We’re fortunate (or foolish?) enough to have 4 cars in the household so when one goes down, we’ve got plenty of back-up.

Or so you’d think…

My BMW Z3 hasn’t been out of the garage for over a year. Over the past two years, it’s driven maybe 30 miles. I couldn’t get it started months ago and didn’t even consider it as my back-up vehicle while the Rover was in the shop.

So, instead, I hoped in my wife’s Toyota Tacoma, turned the key, and heard the fabled “click-click-click-click” noise.

I’m no gear head but I do know that that means the battery is dead.

We hooked it up to the Scion (our only functioning vehicle) and it started right up.

Phew!

We let it run for an hour or so, you know, to charge the battery before shutting it down.

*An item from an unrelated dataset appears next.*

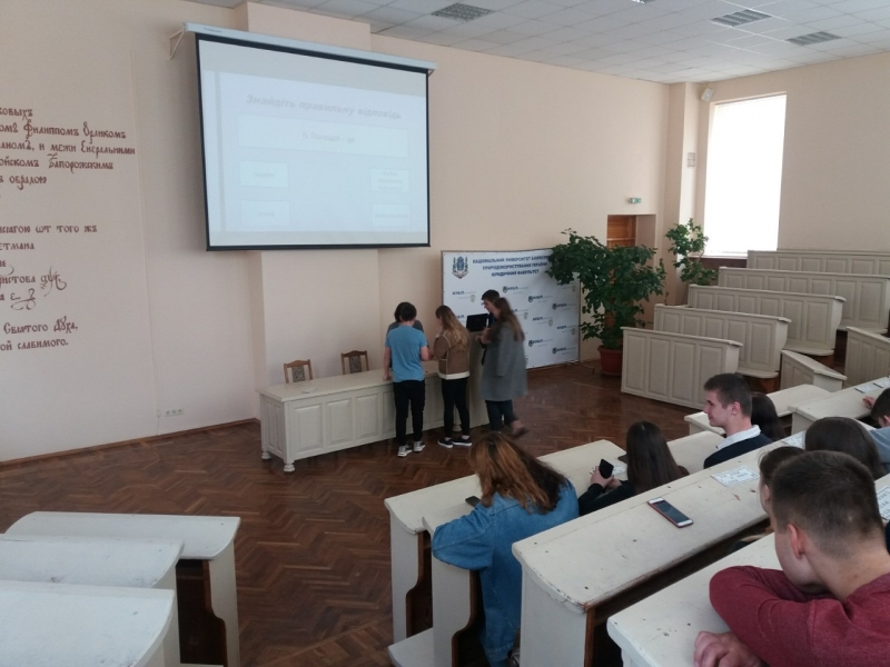 Студентів було розділено на пари, кожна з яких отримала своє ігрове поле для даної гри було заготовлено презентацію на дев’яносто питань з варіантами відповідей.

The next morning, I went out to take it for a spin, turned the key, and got nothing.

Absolutely nothing.

Battery must *really* be dead.

And then a lightbulb went on!

Hey, maybe the only problem with the BMW is the battery?

Hmmm…

Needless to say, I went out to AutoZone and spent almost $300 on a couple of batteries and then spent an afternoon pretending to be a real auto mechanic.

I thought these were so cool.  When I was 5.For real, I looked like one of those guys who’s always working on his Trans-Am with the bird on the hood.

(I realize that changing the battery is a simple task — I have some great ideas on how this century old system should be modernized though…)

Three hours later, I had two more running vehicles.

How about that?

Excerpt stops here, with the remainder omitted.